● Assigned task
Restrict the output to the lines below starting at the one that contains "1. Show that" and ending at the one that contains "El precio de", and restate them word for word, both ends included.
[[ Records to process, beginning ]]
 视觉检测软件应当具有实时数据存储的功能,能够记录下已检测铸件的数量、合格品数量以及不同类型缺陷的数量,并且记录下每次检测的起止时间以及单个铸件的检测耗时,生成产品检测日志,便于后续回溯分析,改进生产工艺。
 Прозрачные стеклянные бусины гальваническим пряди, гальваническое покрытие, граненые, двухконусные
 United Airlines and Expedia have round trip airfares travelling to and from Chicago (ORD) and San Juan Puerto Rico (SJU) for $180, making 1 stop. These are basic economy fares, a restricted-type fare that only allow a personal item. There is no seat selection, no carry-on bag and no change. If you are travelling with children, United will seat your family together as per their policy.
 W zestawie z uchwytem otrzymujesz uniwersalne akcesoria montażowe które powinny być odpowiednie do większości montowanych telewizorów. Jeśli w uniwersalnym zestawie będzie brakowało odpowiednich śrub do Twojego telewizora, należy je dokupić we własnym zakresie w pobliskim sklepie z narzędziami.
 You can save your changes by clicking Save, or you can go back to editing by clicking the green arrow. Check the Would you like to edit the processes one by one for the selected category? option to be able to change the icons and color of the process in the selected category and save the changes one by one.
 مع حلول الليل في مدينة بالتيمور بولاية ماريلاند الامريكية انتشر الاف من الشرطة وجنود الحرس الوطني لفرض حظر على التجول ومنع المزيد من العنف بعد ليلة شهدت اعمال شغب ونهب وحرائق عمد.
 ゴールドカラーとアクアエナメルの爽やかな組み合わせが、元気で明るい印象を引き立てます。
[[ Records to process, end ]]
[[ Records to process, beginning ]]
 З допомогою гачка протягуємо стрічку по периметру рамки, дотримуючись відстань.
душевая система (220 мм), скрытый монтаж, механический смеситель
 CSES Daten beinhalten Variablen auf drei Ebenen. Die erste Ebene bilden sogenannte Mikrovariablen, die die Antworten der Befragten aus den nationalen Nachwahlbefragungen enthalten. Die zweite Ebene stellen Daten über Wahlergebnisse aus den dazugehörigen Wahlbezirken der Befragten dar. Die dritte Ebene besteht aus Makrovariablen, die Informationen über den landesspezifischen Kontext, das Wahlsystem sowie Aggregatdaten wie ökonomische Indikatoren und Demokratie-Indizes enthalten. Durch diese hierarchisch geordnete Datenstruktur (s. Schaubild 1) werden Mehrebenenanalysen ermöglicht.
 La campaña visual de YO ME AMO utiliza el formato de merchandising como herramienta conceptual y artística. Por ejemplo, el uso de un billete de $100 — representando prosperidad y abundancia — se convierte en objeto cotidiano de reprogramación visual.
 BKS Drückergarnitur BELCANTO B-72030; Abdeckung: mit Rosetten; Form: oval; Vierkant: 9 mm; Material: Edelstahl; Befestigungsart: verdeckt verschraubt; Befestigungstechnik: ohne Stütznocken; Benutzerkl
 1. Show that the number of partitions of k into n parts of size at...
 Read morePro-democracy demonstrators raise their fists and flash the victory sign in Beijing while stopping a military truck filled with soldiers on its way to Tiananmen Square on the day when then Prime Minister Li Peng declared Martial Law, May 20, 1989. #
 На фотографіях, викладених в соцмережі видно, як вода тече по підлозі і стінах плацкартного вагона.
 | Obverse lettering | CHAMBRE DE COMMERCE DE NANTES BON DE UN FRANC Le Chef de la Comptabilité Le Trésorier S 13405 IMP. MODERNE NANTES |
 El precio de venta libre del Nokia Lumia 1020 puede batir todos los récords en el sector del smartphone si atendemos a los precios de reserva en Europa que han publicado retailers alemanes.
[[ Records to process, end ]]
[[ Records to process, beginning ]]
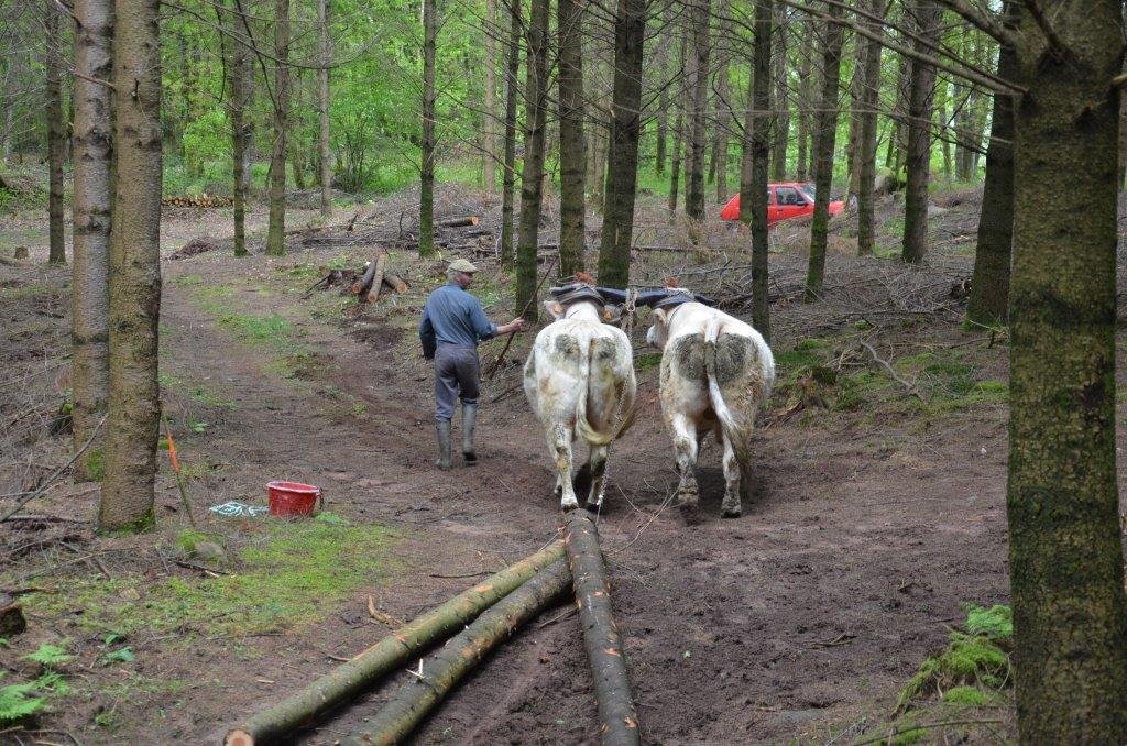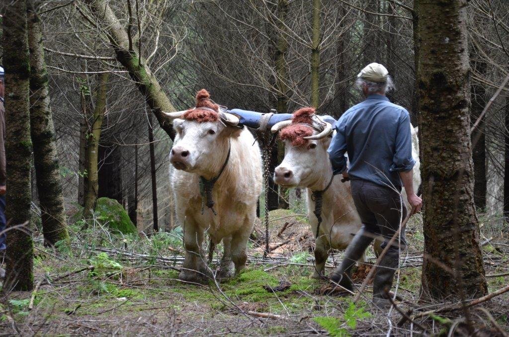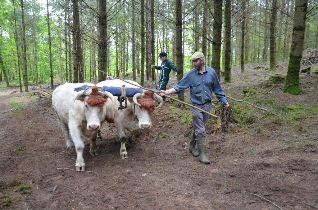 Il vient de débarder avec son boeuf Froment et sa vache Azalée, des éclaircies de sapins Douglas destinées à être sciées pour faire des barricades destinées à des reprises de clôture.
[[ Records to process, end ]]
● Solution to this exercise
 1. Show that the number of partitions of k into n parts of size at...
 Read morePro-democracy demonstrators raise their fists and flash the victory sign in Beijing while stopping a military truck filled with soldiers on its way to Tiananmen Square on the day when then Prime Minister Li Peng declared Martial Law, May 20, 1989. #
 На фотографіях, викладених в соцмережі видно, як вода тече по підлозі і стінах плацкартного вагона.
 | Obverse lettering | CHAMBRE DE COMMERCE DE NANTES BON DE UN FRANC Le Chef de la Comptabilité Le Trésorier S 13405 IMP. MODERNE NANTES |
 El precio de venta libre del Nokia Lumia 1020 puede batir todos los récords en el sector del smartphone si atendemos a los precios de reserva en Europa que han publicado retailers alemanes.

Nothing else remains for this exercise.